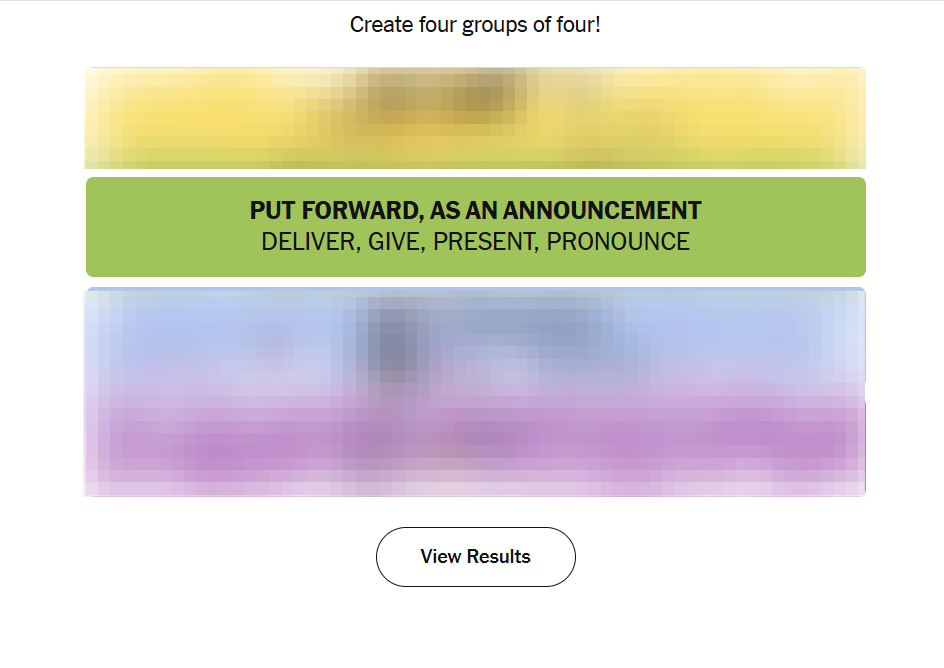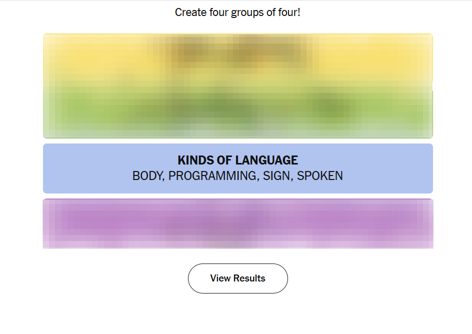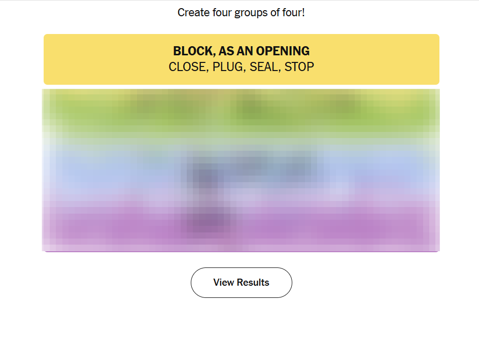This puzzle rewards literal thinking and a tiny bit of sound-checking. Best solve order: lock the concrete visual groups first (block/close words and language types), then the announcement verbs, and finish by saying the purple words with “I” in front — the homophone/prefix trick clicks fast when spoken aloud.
---------------
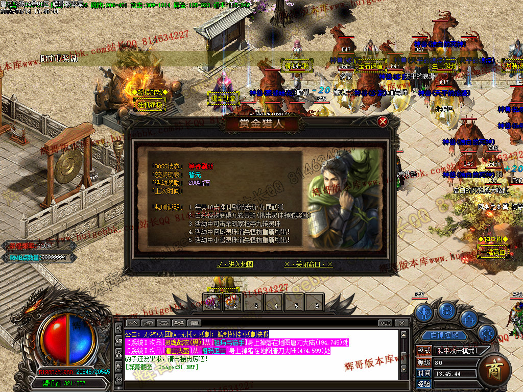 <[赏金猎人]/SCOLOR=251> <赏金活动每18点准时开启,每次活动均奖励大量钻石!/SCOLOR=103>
---------------
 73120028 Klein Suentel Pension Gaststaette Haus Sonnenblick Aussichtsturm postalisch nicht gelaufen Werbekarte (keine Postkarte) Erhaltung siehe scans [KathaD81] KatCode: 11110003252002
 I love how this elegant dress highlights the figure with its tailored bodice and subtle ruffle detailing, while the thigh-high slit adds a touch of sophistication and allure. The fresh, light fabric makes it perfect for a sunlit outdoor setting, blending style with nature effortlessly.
---------------
Of the entries above, transcribe exactly those lines that fall between the line containing "73120028 Klein Suentel" and the line containing "I love how this", together with those two lines.

 73120028 Klein Suentel Pension Gaststaette Haus Sonnenblick Aussichtsturm postalisch nicht gelaufen Werbekarte (keine Postkarte) Erhaltung siehe scans [KathaD81] KatCode: 11110003252002
 I love how this elegant dress highlights the figure with its tailored bodice and subtle ruffle detailing, while the thigh-high slit adds a touch of sophistication and allure. The fresh, light fabric makes it perfect for a sunlit outdoor setting, blending style with nature effortlessly.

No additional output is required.